Currently Cuban farmers, both in cities and rural areas, produce close to 80% of the vegetables and fruits the country consumes. In addition, the number of farmer cooperatives increased from 15% of the cultivated land in 1989 to more than 70% today, and they produce about 70% of the food grown nationally (86% of the maize and beans grown, and 90% of the vegetables).[1] The country also reduced its consumption of agrochemicals by 75% in the last 20 years.[2]

In cities, urban farmers supply about 50% of the vegetables and fruits consumed locally, a share that continues to increase in recent years. The program of Urban Farming is one of the seven most important programs prioritised by the Minister of Agriculture. It has created about 300,000 jobs in cities, with 50% of those going to women and the urban youth.

A way forward

In spite of all these signs of progress, many problems remain for agriculture and beyond. Cuba still imports close to 70% of the food the country needs, mostly grains and livestock products, representing 14% of total imports into the country and close to two billion US dollars per year. However, it has also been estimated that by avoiding the imports seeds and agrochemicals, the country is savings an estimated amount of US$ 50 million a year.[3]

© Alonso Crespo / Greenpeace

The Indio Hatuey Experimental Station was founded in March 1962. Using an interdisciplinary approach based on the principles of agroecology, its aim is to explore agroecological production models aimed at guaranteeing human well-being, and improving the ecosystems of the Cuban agrarian sector.
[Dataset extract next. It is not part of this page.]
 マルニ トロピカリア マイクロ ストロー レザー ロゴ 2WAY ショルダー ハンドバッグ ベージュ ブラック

Fernando Funes Aguilar, an internationally-known Cuban researcher in agroecology, has estimated that Cuba could be food self-sufficient in three years by transforming half of the cultivated land in the country (three million hectares) to intensive, smallholder agroecological systems. This optimistic projection is based on the fact that in 2006, smallholding farmers produced 65% of the food produced in Cuba by cultivating only 25% of its agriculture land.
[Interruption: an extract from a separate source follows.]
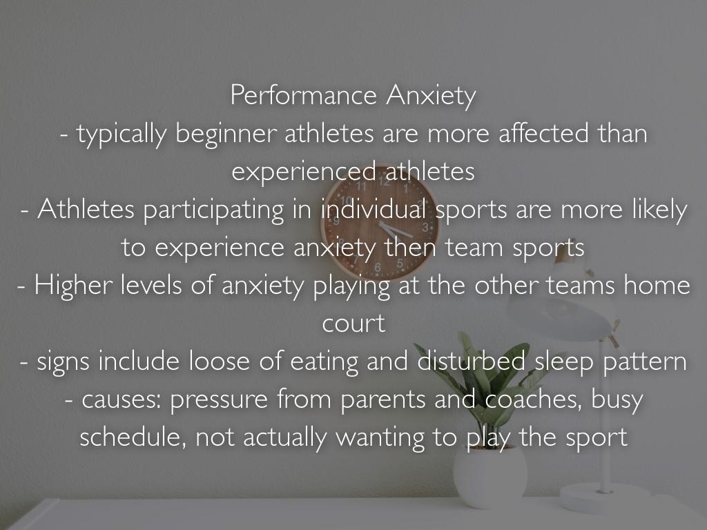 - Athletes participating in individual sports are more likely to experience anxiety then team sports

Cuban experience in agroecological farming is not a perfect situation, nor is it a perfect system, but it shows a way forward in times of crisis, and a better, more resilient way of feeding people for the future. Seeing the case of Cuban agroecology is believing a better system is not only possible, but happening already.

References:

[1] Martin, Lucy. 2015. Cuba crece. La Agricultura campesina sostenible. El caso cubano. Oxfam. La Habana Cuba, Julio 2015.

[2] Funes Aguilar and Vázquez Moreno. 2016. Avances de la Agroecología en Cuba. Estación Experimental de Pastos y Forrajes India Hatuey (Ed), La Habana, Cuba.

[3] Íbidem.

Reyes Tirado is Food and agriculture researcher at Greenpeace Research Laboratory at the University of Exeter, UK.